**Exercise description**
In this exercise, print only the lines of the records below from the one with "Small metal badge" through the one with "Kit includes hardware", inclusive. Pictures are not part of the copy.
BEGIN Information given
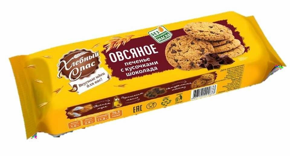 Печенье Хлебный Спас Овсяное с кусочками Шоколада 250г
END Information given
BEGIN Information given
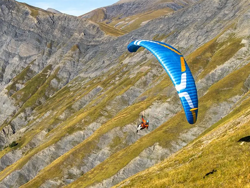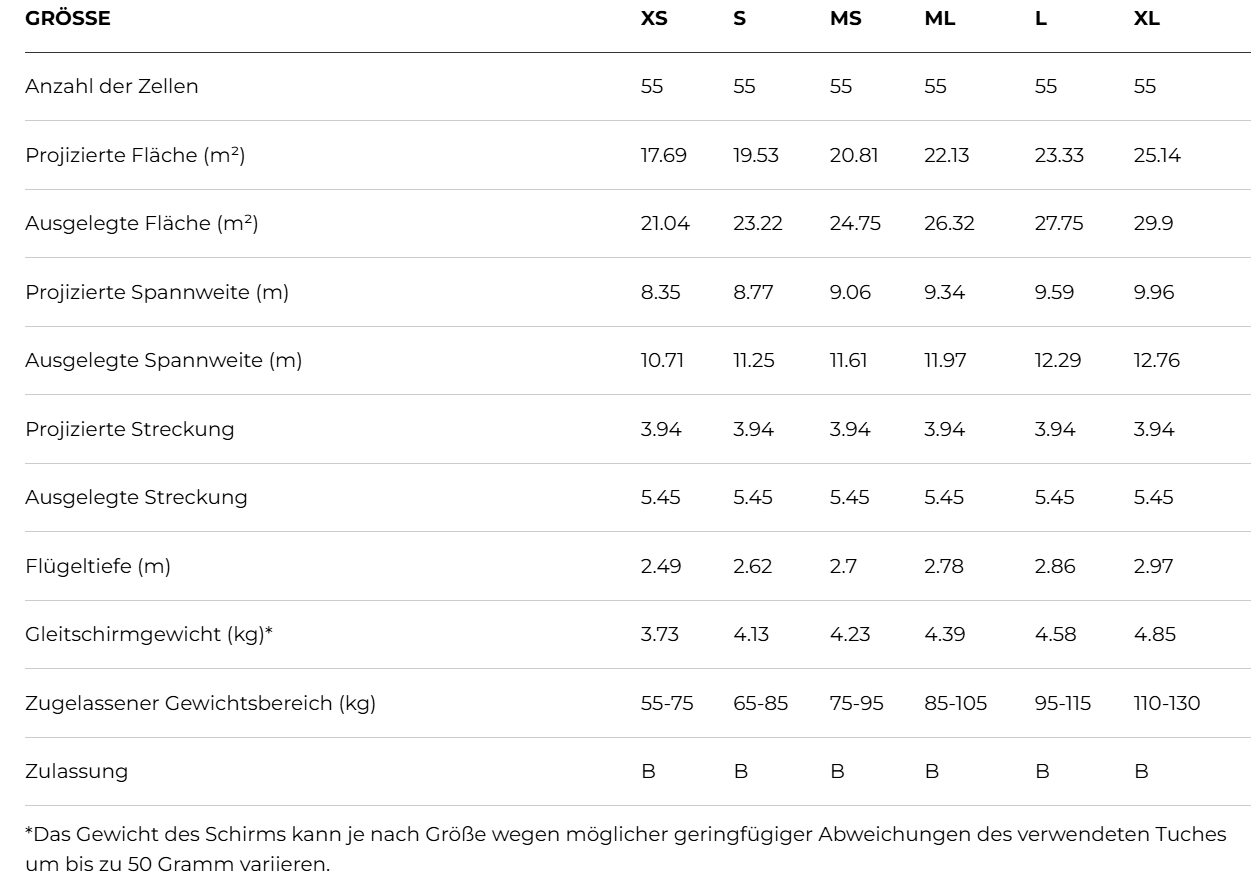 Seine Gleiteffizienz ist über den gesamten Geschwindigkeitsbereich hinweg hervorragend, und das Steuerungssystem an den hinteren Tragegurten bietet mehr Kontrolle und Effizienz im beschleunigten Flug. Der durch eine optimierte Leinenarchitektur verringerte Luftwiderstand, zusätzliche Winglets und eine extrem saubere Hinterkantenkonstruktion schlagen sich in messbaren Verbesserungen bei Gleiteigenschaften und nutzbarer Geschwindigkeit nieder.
END Information given
BEGIN Information given
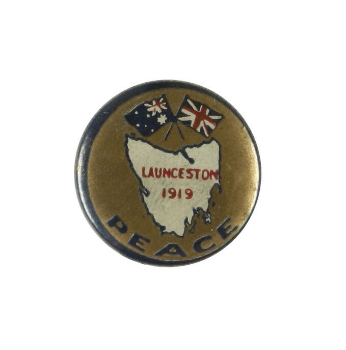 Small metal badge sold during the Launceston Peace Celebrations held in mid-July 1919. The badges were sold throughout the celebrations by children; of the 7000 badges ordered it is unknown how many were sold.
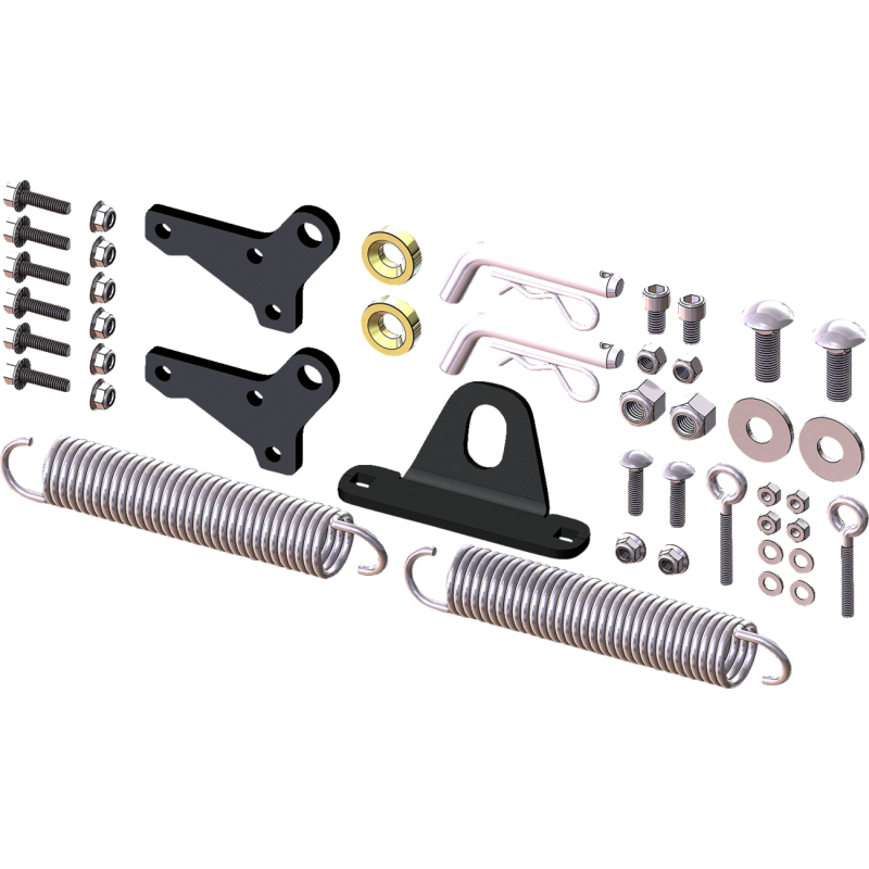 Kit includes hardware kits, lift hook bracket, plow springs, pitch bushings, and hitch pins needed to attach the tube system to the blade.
END Information given
**Result of this task**
 Small metal badge sold during the Launceston Peace Celebrations held in mid-July 1919. The badges were sold throughout the celebrations by children; of the 7000 badges ordered it is unknown how many were sold.
 Kit includes hardware kits, lift hook bracket, plow springs, pitch bushings, and hitch pins needed to attach the tube system to the blade.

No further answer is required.